概要
- Google Apps Script (GAS)で、Web API(無料、サーバーレス)を公開する方法についてのメモです
- Google Apps Script (GAS)をローカルで開発したい、Gitでコード管理したい、クラスを使いたい、TypeScriptを使いたい、などのやり方も後半簡単に紹介します
Google Apps Script (GAS) の位置づけを理解してみる
Google Apps ScriptはG Suite(GmailやスプレッドシートなどGoogleサービス)を JavaScriptで制御できる仕組み。だから、Microsoft OfficeのVBAのGoogleサービス版みたいな感じ。
Google Apps ScriptはJavaScriptで書いた処理をWebAPIとして公開できるので、AWS LambdaとかGoogle Functionのようなサーバレスなコード実行環境のようにも使える←今回はこの用途で使いたい
Google Apps ScriptはJavaScript 1.6(2005年11月)がベースなのでモダンなJavaScriptで記述することはできない。かつブラウザ系機能であるDOM API等は無い。
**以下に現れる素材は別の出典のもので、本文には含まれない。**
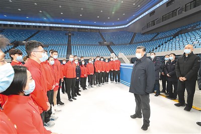 1月18日上午,中共中央总书记、国家主席、中央军委主席习近平在位于北京市海淀区的首都体育馆,同国家花样滑冰队和短道速滑队运动员、教练员等亲切交流。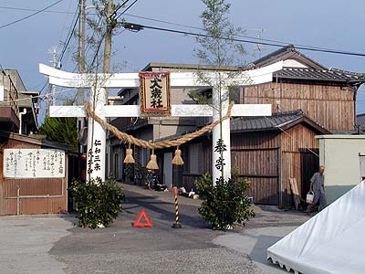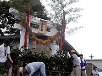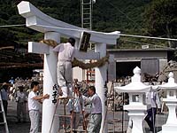 | 吹流しもついてほぼ出来上がり | こちらは江尻の大鳥居 | 鳥居山とヤーサーも復活! |

ただし、ツールをこねくり回せば今風なコードで書くこともできる。
Google Apps Scriptは無料で使えるが従量課金のような考え方では無いので、お金を払っても無限に使えないということで容量制限がある。
Google Apps Script のプロジェクトを作る
Google Apps Scriptのトップページにいく
Googleアカウントにログインした状態で以下に行く
最初のプロジェクトを作る
[APPS SCRIPTを作成]をクリックすると、プロジェクトが作成される。
無題のプロジェクト というプロジェクトとコード.gsというファイルができるので、
画面左上の無題のプロジェクトをクリックして、プロジェクト名をwebapi_example01に変更した。
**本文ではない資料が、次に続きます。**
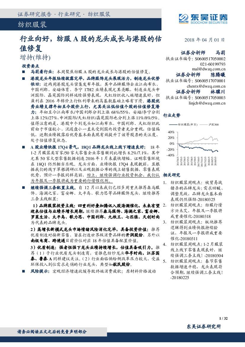 东吴证券:纺织服装:行业向好,纺服A股的龙头成长与港股的估值修复.pdf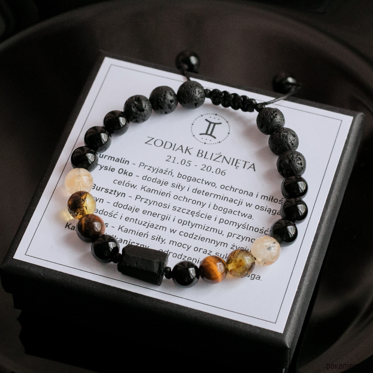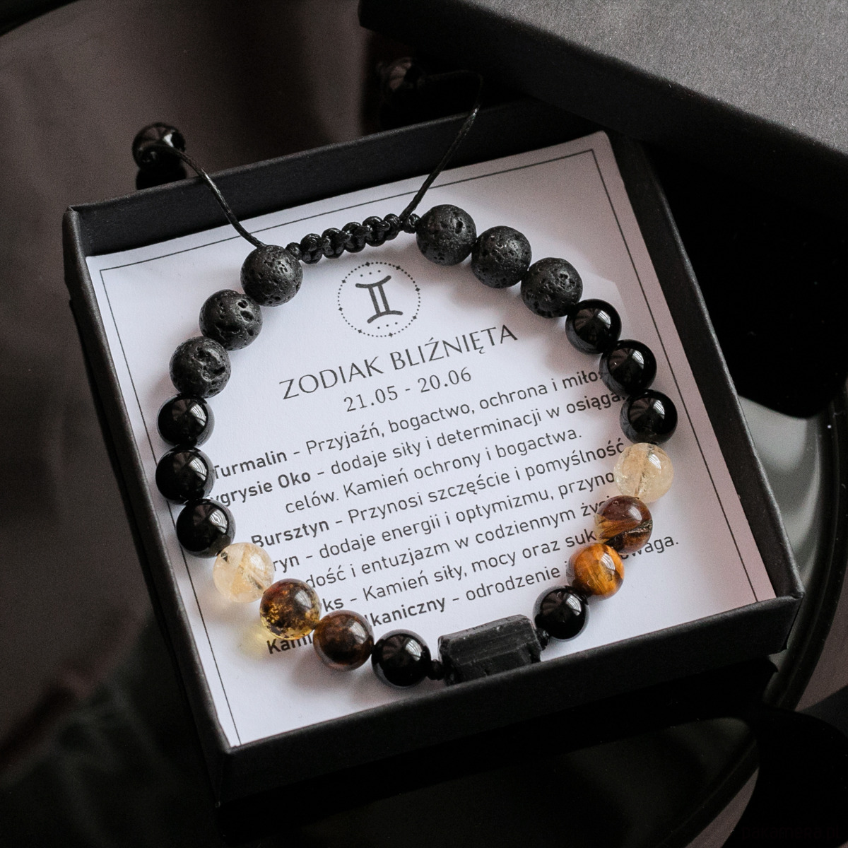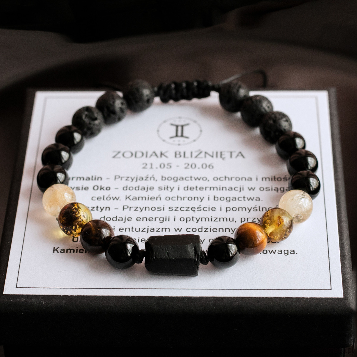 Zodiak Bliźnięta - bransoletka męska została wykonana z kamieni naturalnych dla zodiakalnych Bliźniąt: Turmalin, Tygrysie Oko, Cytryn, Bursztyn, Onyks i Kamień wulkaniczny Lawa.

左側ペインにコード.gsというファイルがあるのがわかる。これが最初のファイルとなる。ファイル名の右にある[▼]を押してメニューから名前を変更をクリックしてmain.gsというファイル名に変更した。
コードを書いてWeb APIを公開する
さっそくコードを書いて、WebAPIを公開する。コードはJavaScriptで書く。
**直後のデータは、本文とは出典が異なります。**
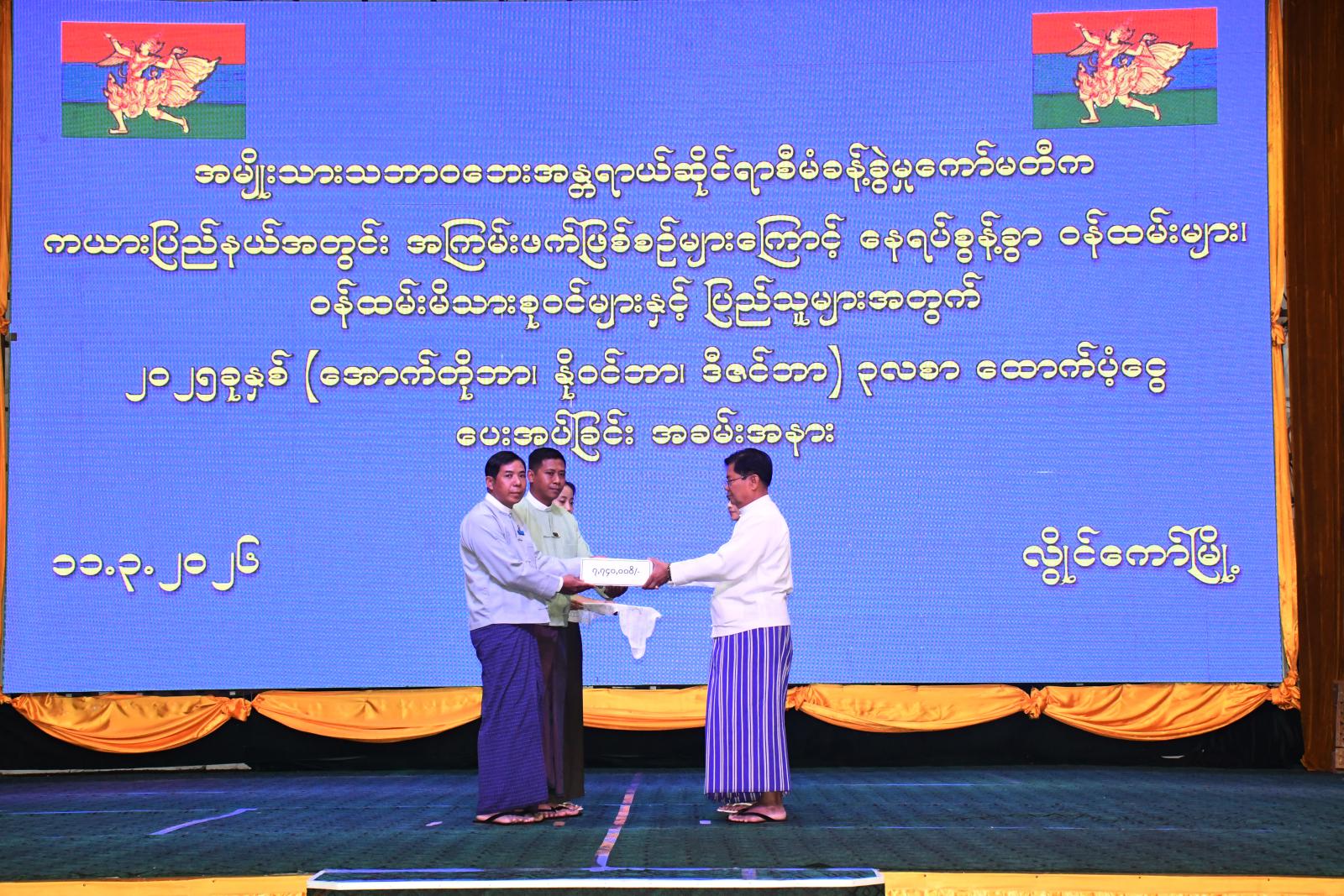 ထို့နောက် ပြည်နယ်ဝန်ကြီးချုပ်နှင့် တာဝန်ရှိသူများက ယာယီနေရပ်စွန့်ခွာဝန်ထမ်းများ၊ မိသားစုဝင်များနှင့် ဒေသနေပြည်သူများအတွက် ၂၀၂၅ ခုနှစ် (အောက်တိုဘာ၊ နိုဝင်ဘာ၊ ဒီဇင်ဘာ) သုံးလအတွက် ထောက်ပံ့ငွေများကို ပေးအပ်ရာ ကိုယ်စားလှယ်များက အသီးသီးလက်ခံရယူခဲ့ကြသည်။

Google Apps Script はJavaScriptの最新をサポートしているわけでも、すべての機能をサポートしているわけでもないが、JavaScriptが書ける人ならなんとかなる。
Web APIをつくる
デフォルトだと以下のようになっているが、Web APIとして公開したいので、GETやPOSTをハンドリングできるようにする。
function myFunction(){
}
関数myFunctionは消して、以下のようにした
//HTTP GETをハンドリングする
function doGet(e) {
//リクエストパラメータ名"text"の値を取得する
var text = e.parameter.text;
var value;
if (text) {
value = "You say " + text;
} else {
value = "Please say something!";
}
var result = {
message: value
}
var out = ContentService.createTextOutput();
//Mime TypeをJSONに設定
out.setMimeType(ContentService.MimeType.JSON);
//JSONテキストをセットする
out.setContent(JSON.stringify(result));
return out;
}
シンプルなコードだが、いくつかみておく。
コード中のdoGetで渡される引数eは、リクエストパラメータ等のイベントパラメータが入る。
function doGet(e) {
var text = e.parameter.text;
e.parameterはリクエストパラメータがkey/valueペアとして入るので、
Google Apps ScriptでWeb公開したURLでhttps://xxxxxx/exec?text=Hello
とリクエストされたら e.parameter.textには"Hello"が入ることになる。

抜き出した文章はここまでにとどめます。